To get started, you'll need a text editor and the ponyc compiler. Or if you are on a not supported platform or don't want to install the compiler you can use the Pony's Playground
Before you get started, please check out the installation instructions for the Pony compiler.
While you can write code using any editor, it's nice to use one with some support for the language. Here are some:
- Sublime Text. There's a Pony Language package.
- Atom. There's a language-pony package.
- Emacs. There's a ponylang-mode.
- Vim. There's a pony-vim-syntax plugin. Install
pony
withvim-plug
orpathogen
. - Microsoft Visual Studio. There's a VS-pony plugin.
- BBEdit. There's a bbedit-pony module.
If you have a favourite editor that isn't supported, we'd love to help you build a Pony package for it.
Pony is a compiled language, rather than an interpreted one. In fact, it goes even further: Pony is an ahead-of-time (AOT) compiled language, rather than a just-in-time (JIT) compiled language.
What this means is that once you build your program, you can run it over and over again without needing a compiler or a virtual machine or anything else. It's a complete program, all on its own.

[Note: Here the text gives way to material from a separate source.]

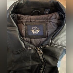 Cozy Dockers Bomber Jacket Faux Leather Brown Quilted Lining Size L

But it also means you need to build your program before you can run it. In an interpreted language or a JIT compiled language, you tend to do things like this to run your program:
$ python helloworld.py
Or maybe you put a shebang in your program (like #!/usr/bin/env python
), then chmod
to set the executable bit, and then do:
$ ./helloworld.py
When you use Pony, you don't do any of that!
If you are in the same directory as your program, you can just do:
$ ponyc
That tells the Pony compiler that your current working directory contains your source code, and to please compile it. If your source code is in some other directory, you can tell ponyc where it is:
$ ponyc path/to/my/code
There are other options as well, but we'll cover those later.